Патрику показалось, что он различил нотки сарказма в голосе Кройца, но тот быстро вернулся к роли любезного хозяина.
— Сам я научился жить просто именно на Кальвё. В городе у нас были все мыслимые и немыслимые удобства, но на острове, — он посмотрел на море, — папа расставался с костюмом и ходил в шортах и футболке. Мы ловили рыбу, собирали землянику, купались… находили счастье в простых вещах.
Он прервался, чтобы налить кофе.
— Нельзя сказать, что все эти годы вы жили просто, — пробормотал Йоста.
— Туше́, — усмехнулся Леон. — Да, простоты мне не хватало. Меня все время тянуло на приключения.
— Искали адреналин? — спросил Патрик.
— Это было бы слишком просто. Для меня приключения — это как наркотик, несмотря на то что я никогда не отравлял себя никакой химией. Я не мог жить без приключений. Начав однажды, уже не мог остановиться. По ночам лежал без сна, думая: можно ли залезть выше? Нырнуть глубже? Проехать быстрее? И встав утром, отправлялся искать ответ на эти вопросы.
— Но теперь все в прошлом, — констатировал Флюгаре.
Хедстрём в который раз пожалел, что не послал Йосту вместе с Мелльбергом на курсы ведения допросов, но Леон, судя по всему, не обиделся.
— Да, в прошлом, — сказал он просто.
— Где произошла авария? — решил спросить Патрик, раз уж об этом все равно зашла речь.
— В Монако, — ответил Кройц. — Обычная автомобильная авария. Ия была за рулем. Как вам известно, дороги в Монако узкие, горные, с крутыми виражами. Ия увернулась от встречной машины, мы вылетели на обочину, машина перевернулась и загорелась… — Леон уставился перед собой, вспоминая аварию; в голосе его слышалась боль. — Знаете, как редко машины загораются на самом деле? Это в фильмах машины взрываются, стоит им столкнуться с препятствием. В жизни все по-другому. Но нам не повезло. Особенно мне — зажало ноги, и я не мог выбраться из машины. Чувствовал, как горят руки, ноги, одежда, лицо, потом потерял сознание. Знаю, что Ия вытащила меня из машины. Она обожгла себе все руки. В остальном она отделалась небольшими травмами — парой рваных ран и сломанными ребрами. Ия спасла мне жизнь.
— Когда это случилось? — уточнил Хедстрём.
— Девять лет назад.
— И нет никаких шансов?.. — Йоста кивнул на инвалидное кресло.
— Нет. Я парализован ниже талии. Мне еще повезло, что могу самостоятельно дышать, — вздохнул Кройц. — Но я быстро устаю и обычно сплю после обеда. Могу я еще чем-нибудь вам помочь, господа? Или могу просить меня извинить?
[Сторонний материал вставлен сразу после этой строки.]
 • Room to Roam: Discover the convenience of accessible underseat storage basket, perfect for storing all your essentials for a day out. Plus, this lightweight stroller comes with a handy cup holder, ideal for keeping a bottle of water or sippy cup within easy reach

Напарники переглянулись. Патрик поднялся первым:
— Нет, думаю, у нас пока больше нет вопросов. Но если что, мы еще заедем.
— Всегда пожалуйста.
Полицейские пошли в дом. Леон покатился за ними в инвалидном кресле. Его жена спустилась вниз попрощаться с гостями. На пороге Йоста обернулся к Ие, торопившейся закрыть за ними дверь:
— Можно взять адрес и телефон вашего дома на Ривьере?
— Боитесь, что мы сбежим? — улыбнулась фру Кройц.
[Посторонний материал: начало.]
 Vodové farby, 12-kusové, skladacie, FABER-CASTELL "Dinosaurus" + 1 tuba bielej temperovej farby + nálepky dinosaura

Флюгаре пожал плечами. Ия записала адрес и телефон в блокнот, резким движением вырвала листок и протянула ему. Полицейский, не говоря ни слова, сунул его в карман.
В машине он попытался обсудить встречу с Леоном, но Патрик его не слушал. Он был занят поисками мобильного телефона.
— Я, наверно, забыл телефон дома, — сказал он наконец. — Можно одолжить твой?
Прости. Я привык, что у тебя всегда с собой мобильный, и не взял свой, — развел руками его напарник.
Хедстрём подумал было просветить Йосту, почему полицейскому так важно всегда иметь при себе телефон, но решил, что момент для этого не самый подходящий.
— Заедем ко мне по дороге, — решил он. — Я заберу телефон.
Они ехали молча. Патрика не оставляло чувство, что они упустили что-то важное в разговоре с Леоном. Он не понимал, касалось ли это того, что их собеседник сказал — или, наоборот, не сказал, — но интуиция подсказывала ему, что здесь что-то кроется.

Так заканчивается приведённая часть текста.